Le son de « Eliminator » est un mélange unique de blues, de rock, de funk et de synthpop. Le groupe a utilisé des synthétiseurs pour la première fois sur cet album, ce qui a donné à leur musique un son plus moderne et plus commercial. Cependant, le son de base du groupe, qui est le blues rock, est toujours présent sur l’album.
3. Quels sont les morceaux les plus célèbres de « ZZ Top Eliminator » ?
« ZZ Top Eliminator » contient plusieurs des plus grands succès de ZZ Top, notamment « Gimme All Your Lovin' », « Sharp Dressed Man » et « Legs ». Ces chansons ont été largement diffusées à la radio et ont été accompagnées de clips vidéo très populaires diffusés en rotation sur MTV à l’époque.
4. Quelle est l’histoire derrière la pochette de l’album « Eliminator » ?
La pochette de « ZZ Top Eliminator » présente une voiture personnalisée rouge vif surnommée « The Eliminator », qui est devenue un symbole emblématique du groupe. Cette voiture a été construite spécialement pour le groupe par Billy Gibbons et a été utilisée dans plusieurs de leurs clips vidéo. La voiture est maintenant exposée dans le Rock and Roll Hall of Fame.
5. Quelle est l’influence de « Eliminator » sur la musique rock ?
« ZZ Top Eliminator » a eu une influence considérable sur la musique rock, car il a marqué une évolution importante du son et du style de ZZ Top.

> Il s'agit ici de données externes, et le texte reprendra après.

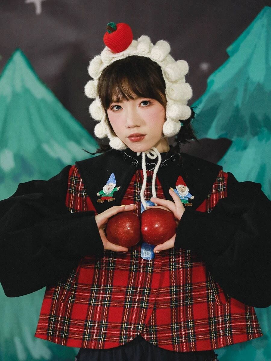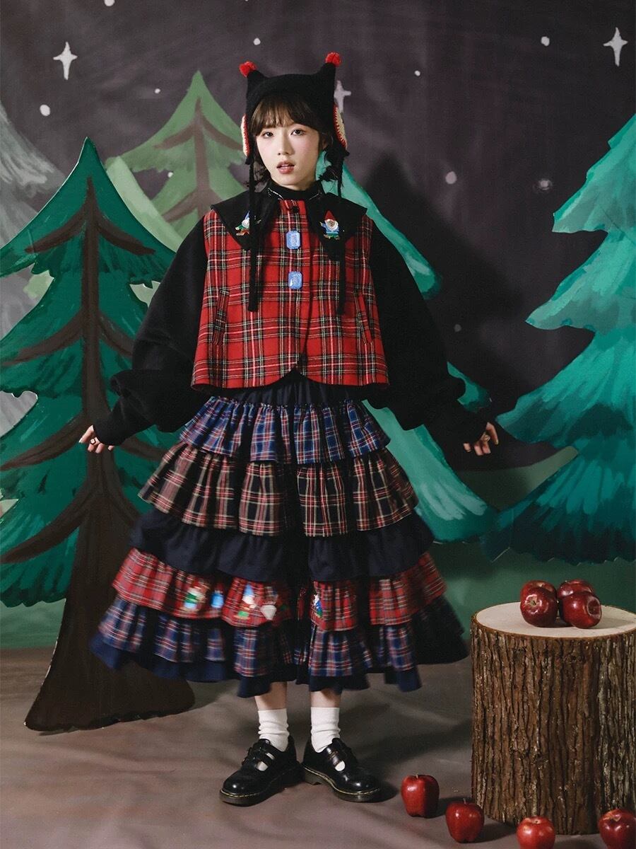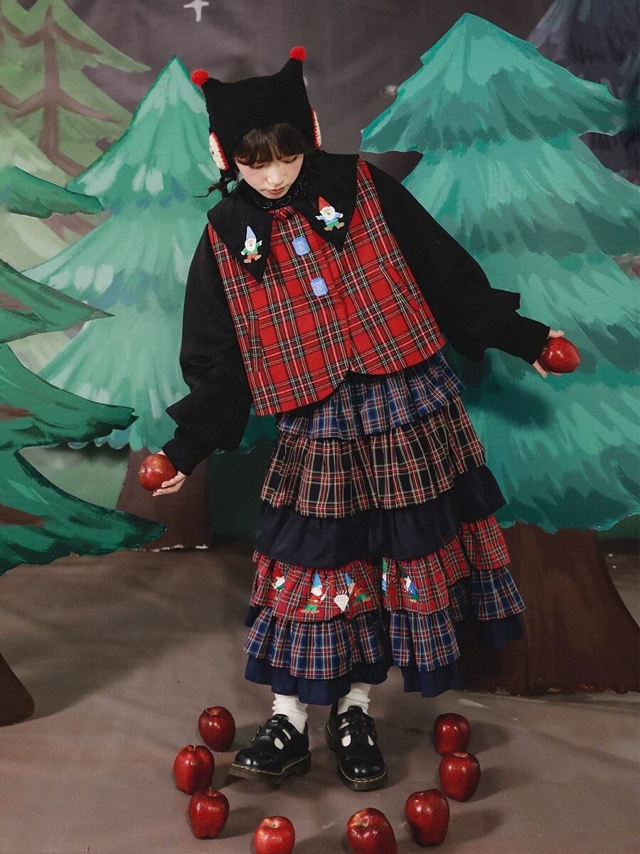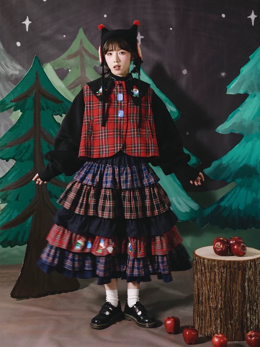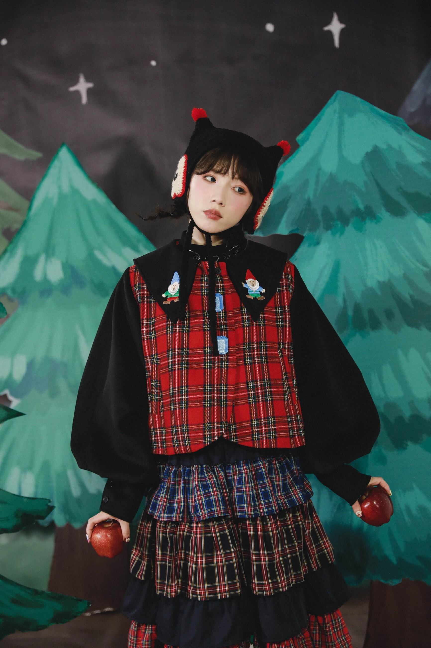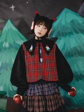 ブラウス トップス チェック 赤 襟 可愛い 原宿 コスプレ 黒

L’utilisation de synthétiseurs et de boîtes à rythmes a influencé de nombreux autres groupes de rock des années 1980, notamment Def Leppard et Bon Jovi.
6. Quels sont les producteurs de « Eliminator » ?
« ZZ Top Eliminator » a été produit par Bill Ham, le producteur historique de ZZ Top, et par le célèbre producteur anglais Terry Manning, qui a travaillé avec des artistes tels que Led Zeppelin et Lenny Kravitz.
7. Comment a été accueilli « Eliminator » par la critique à sa sortie ?
« ZZ Top Eliminator » a été très bien accueilli par la critique à sa sortie en 1983. Les critiques ont salué l’album pour son son novateur et son mélange unique de blues et de synthpop. L’album a également connu un grand succès commercial, atteignant la 9e place du Billboard 200 et étant certifié disque de diamant aux États-Unis.
8. Comment a évolué la musique de ZZ Top après « Eliminator » ?
Après « ZZ Top Eliminator », ZZ Top a continué à évoluer et à explorer de nouveaux styles musicaux. Le groupe a sorti plusieurs albums qui ont rencontré un succès modéré, notamment « Afterburner » en 1985, qui a suivi la même direction que « Eliminator » avec l’utilisation de synthétiseurs et de boîtes à rythmes. Cependant, le groupe est retourné à ses racines blues rock avec des albums tels que « Recycler » en 1990 et « Antenna » en 1994. Plus récemment, ZZ Top a sorti « La Futura » en 2012, qui a été salué pour son retour aux sonorités blues rock traditionnelles.
9. Quelle est la place de « Eliminator » dans l’histoire de ZZ Top ?
« ZZ Top Eliminator » est l’album le plus connu et le plus populaire de ZZ Top. Il a permis au groupe de conquérir un nouveau public et a marqué un tournant dans leur carrière musicale. La voiture « The Eliminator » est devenue un symbole emblématique du groupe et est encore associée à leur musique aujourd’hui.
10. Quelles sont les influences de ZZ Top sur la musique rock ?
ZZ Top est considéré comme l’un des groupes les plus influents de l’histoire du rock. Leur son unique, qui mélange blues, rock et funk, a influencé de nombreux autres artistes, notamment Lynyrd Skynyrd, Guns N’ Roses et Black Crowes. De plus, leur utilisation de synthétiseurs et de boîtes à rythmes sur « Eliminator » a eu un impact significatif sur la musique rock des années 1980 et a inspiré de nombreux autres groupes à explorer de nouveaux sons et styles.